By Tiffany Burnette
I woke up feeling anxious. My friends and family were far away on the other (east) coast. I’d be marching alone today.
Jane*, the 72-year-old hippie who’s lived all over the world. I met her at the Women’s March in Portland, Oregon while trying to get back to my volunteer post at the information booth. As we were trying (and failing) to navigate the massive crowd, we ended up next to one another. Being the very tall person I am, I’m on tippy toes to get a better view, when out of the corner of my eye, I notice Jane. She had pulled out a piece of paper, protected from the rain by a plastic sleeve, and began to sing. Her lovely voice stood out amongst the chatter and, even though a moment prior there had not been a single bit of space between any one person, a little circle formed around her. She was small but fiery and when her song ended she looked to me and said, “This hat is really keeping me dry, it’s made by women in Peru, the hat they work in, looks fancy but really, it gets the job done.” She began to laugh at her own words and went right into chanting in Spanish with other Spanish-speaking folks in the crowd. I was fascinated by this woman, she was feisty, bold and, I had an inkling, well traveled.
At one point, as we waited for the march to begin, Jane is trying to sing, drink water, eat nuts and hold her enormous poster. She finally shoves it in my hands and says, “You don’t mind holding this for me because you lost yours right?” From that moment Jane and I were attached at the hip. While we marched and passed her sign back and forth, she taught me old protest chants and songs. She told me her stories of traveling and living all over the world. How she spent her time in the Peace Corps. Her stint in New York City in the 70’s, a wild time as she recalled. We bonded further when we realized that we both lived in the same neighborhoods in Brooklyn and, for both of us, took our leave after about ten years there.
We marched heart and soul together, she kept calling me her sister and fed me blocks of cheese out of her purse. Quite literally shoving it into my mouth saying I needed the protein. She said she needed it too, she’s been here before, knows these ropes, and was well prepared. I couldn’t help but laugh and go along. She reminded me of a mix of my late grandmother and my old aunt Mickey. The aunt Mickey who asked me years ago to write her name on every beach I walked upon so she could visit it too after she perished. Jane had a freeness about her that helped lift me out of my anxiety and helped me feel further liberated by the day’s events.

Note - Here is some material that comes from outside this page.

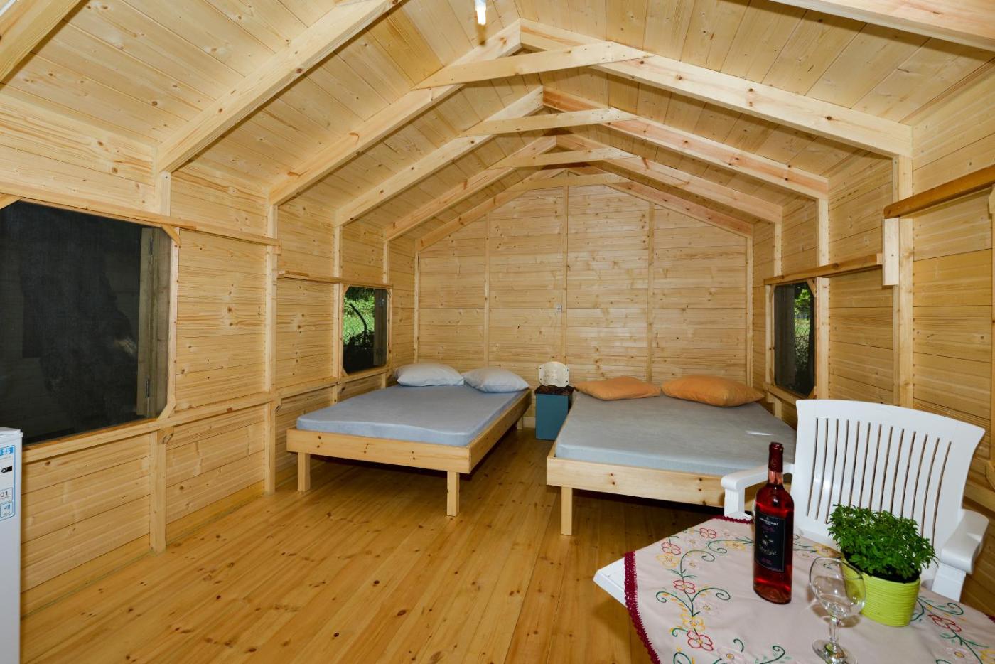 Wooden Family Tent (4 Adults). This wooden tent has a kitchenware and patio.

At the end of the march, Jane spotted a Moroccan restaurant off to the left of us. Jane enthusiastically says “Let’s go eat and get warm!” She pulls me out of the marching masses and into the warmth of the place. She pushes her way to the bar where there were a few empty seats and we sat down and peeled off layers upon layers of soaking wet clothing.
It’s now that we really get to dig a little deeper into getting to know one another. She asks why I marched. I tell her it’s because I’ve been triggered by a sexual assault that took place when I was young, among the many other reasons such as that we still live in a society that supports racism, sexism, classism, ageism, etc., etc. She knows how I feel, she’s been fighting her entire life, protesting, being loud, bold and outspoken. A woman in a man’s world. Which is pretty awesome knowing that she was born in the 1940’s. But then she turns to me and says that she also knows about being triggered because she’s been sexually assaulted once and attacked and almost raped two other times.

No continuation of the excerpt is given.